It was a 1981 episode of the sitcom Taxi.
Where the shifty dispatcher, Louis De Palma, gets a job as a stockbroker.
Now, the boss where I worked made clear that that was the old way of doing
things, selling individual investments. The new way was to take more of a financial planning
approach once you had gotten people in the door, often by selling individual investments. Today,
the industry is much evolved. Many financial advisors have not just the required securities license,
but also professional credentials that demonstrate their expertise. Many are paid set fees for advice
rather than commissions that change according to what they sell. I asked Penny to tell me how
financial advisors add value. The difference in confidence between folks who are advised by a financial advisor and those who
aren't is right now about 10 percentage points difference in confidence. And what does confidence
do? Well, confidence enables one's anxiety to come down so that they can make better, more informed,
intentional decisions, not emotional decisions.
Jack, you and your listeners know this. Emotional decisions in the markets is what
gets us in the biggest trouble and impacts our performance in a negative way.
Okay. But what about for people who already know a thing or two about investing?
The clients that we work with today say,
you know, I think I'm smart enough to do it on my own,
but I don't want to spend the time.
And I want access to resources and information
when things are changing so rapidly.
And when I'm hearing so many different things
about what I could do with my money,
I really value someone whose only focus,
their professional focus, is staying up to date every day about what's going on. And then it can
help slow me down as a client so that I can stick to my plan over time. I asked Penny what she makes
of all the day trading we're seeing and all the anecdotes about young investors with zero commission accounts watching their Reddit chat rooms for posts with hot tips. and one does not put the words play and money in the same sentence and expect long-term,
really positive outcomes. Your advisors don't use rocket ship emojis at all, do they?
No, they do not. It is tried and true investment philosophy. Figuring out how much risk you're willing to take. Think about the goals that you
have and how long you have to achieve those goals and put together an intentionally built plan and
portfolio to build those. I do worry that right now emerging investors, folks who've never been
involved in the markets before, got involved in the markets, got invited into some of the things that you've just shared,
and have been turned away, feeling that the market is not there to work for them.
And that's not good for capitalism. It's not good for innovation or growth. It's not good
for our economy. I asked Penny, what are some mistakes
she sees investors make? We mentioned one earlier, and that's FOMO, fear of missing out. My neighbor
or my brother-in-law told me about this thing, or social media told me about this thing. Penny,
I got to have some of this. I don't want to miss out. Another one is taking it from the other
direction. I don't need to start now because I really can't put aside very much. And so it won't mean much. Recognizing the magic of compounding over time. It is a force of nature. It's like gravity. It's the most amazing miracle. Put away a little bit today rather than putting away a little bit more tomorrow.
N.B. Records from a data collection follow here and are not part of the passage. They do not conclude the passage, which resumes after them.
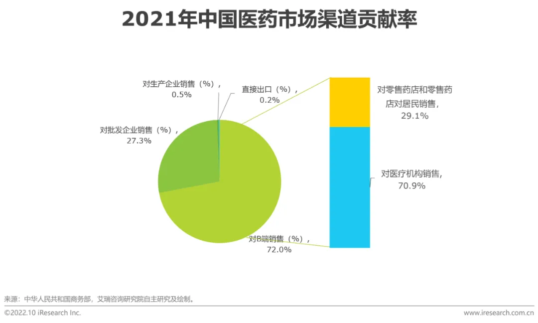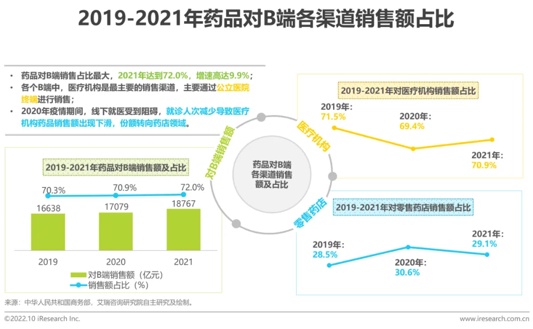 在药品的流通过程中,药品对B端销售额占比最大,超过70%,2020年受疫情影响,线下就医受到物理空间阻隔,医疗机构就诊人次有所减少,这使得对B端销售增速低至2.7%,但随着疫情的逐渐平稳,增速上涨至9.9%,这说明线下就医需求被拉动回升,并且始终处于诊疗刚需的地位。在对B端的销售渠道中,医疗机构始终占据主要地位,这主要是医疗机构中的公立医院是民众诊疗就医的主要场所,同时,2020年疫情期间,零售药店也发挥其便民可及性优势,销售额占比有所提高。
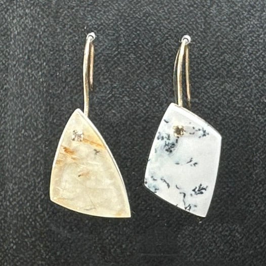 片面はデンドリッククォーツ、片面はルチルでアシンメトリーなピアスをお楽しみいただいたり
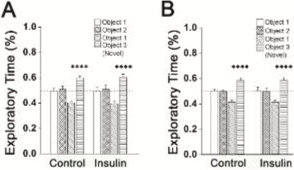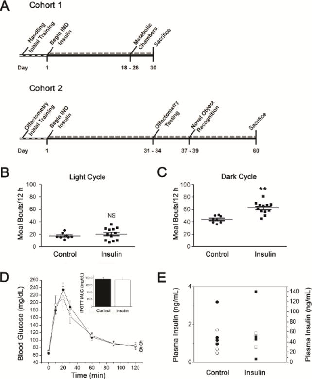 Description:Intranasal insulin delivery is currently being used in clinical trials to test for improvement in human memory and cognition, and in particular, for lessening memory loss attributed to neurodegenerative diseases. Studies have reported the effects of short-term intranasal insulin treatment on various behaviors, but less have examined long-term effects. The olfactory bulb contains the highest density of insulin receptors in conjunction with the highest level of insulin transport within the brain. Previous research from our laboratory has demonstrated that acute insulin intranasal delivery (IND) enhanced both short- and long-term memory as well as increased two-odor discrimination in a two-choice paradigm. Herein, we investigated the behavioral and physiological effects of chronic insulin IND. Adult, male C57BL6/J mice were intranasally treated with 5μg/μl of insulin twice daily for 30 and 60days. Metabolic assessment indicated no change in body weight, caloric intake, or energy expenditure following chronic insulin IND, but an increase in the frequency of meal bouts selectively in the dark cycle. Unlike acute insulin IND, which has been shown to cause enhanced performance in odor habituation/dishabituation and two-odor discrimination tasks in mice, chronic insulin IND did not enhance olfactometry-based odorant discrimination or olfactory reversal learning. In an object memory recognition task, insulin IND-treated mice did not perform differently than controls, regardless of task duration. Biochemical analyses of the olfactory bulb revealed a modest 1.3 fold increase in IR kinase phosphorylation but no significant increase in Kv1.3 phosphorylation. Substrate phosphorylation of IR kinase downstream effectors (MAPK/ERK and Akt signaling) proved to be highly variable. These data indicate that chronic administration of insulin IND in mice fails to enhance olfactory ability, object memory recognition, or a majority of systems physiology metabolic factors - as reported to elicit a modulatory effect with acute administration. This leads to two alternative interpretations regarding long-term insulin IND in mice: 1) It causes an initial stage of insulin resistance to dampen the behaviors that would normally be modulated under acute insulin IND, but ability to clear a glucose challenge is still retained, or 2) There is a lack of behavioral modulation at high concentration of insulin attributed to the twice daily intervals of hyperinsulinemia caused by insulin IND administration without any insulin resistance, per se.
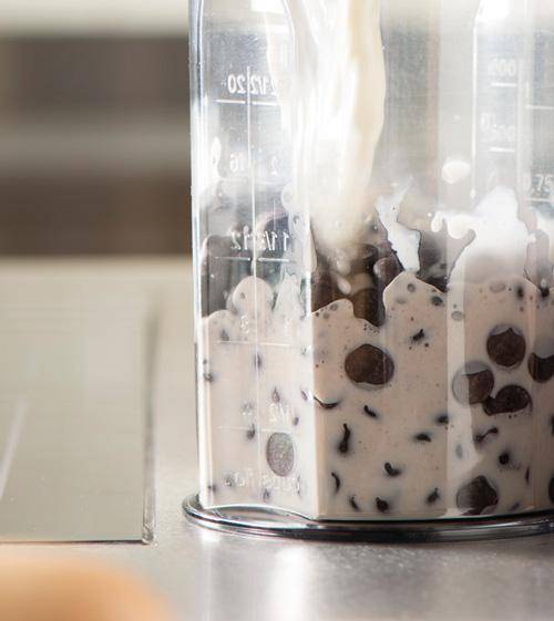 Giet de warme vloeistof over de chocolade en mix met een staafmixer om te emulgeren (hou de kop van de mixer onder het oppervlak om luchtbellen te vermijden).

Strangely enough, you have more when you start with a little bit today and be disciplined
and continuous about that, increasing it over one's lifetime as one's ability to do that
increases.
But the magic of compounding and starting early is what's so important.
There is just one last thing. You said you listened to us after your workouts during your
cool down, but now we're talking, which means you're going to be on the podcast, which means
at some point soon, you'll be listening to yourself after your workout during your cool
down period. Do you have any words for future Penny about that workout and about, you know, words of
exercise encouragement?
Penny, keep getting better.
Just stick with it.
Stick with the discipline of being in the park every Saturday and being with Barron's
every Saturday morning.
Stick with it.
That's inspiring.
Thank you so much, Penny. It was great meeting you.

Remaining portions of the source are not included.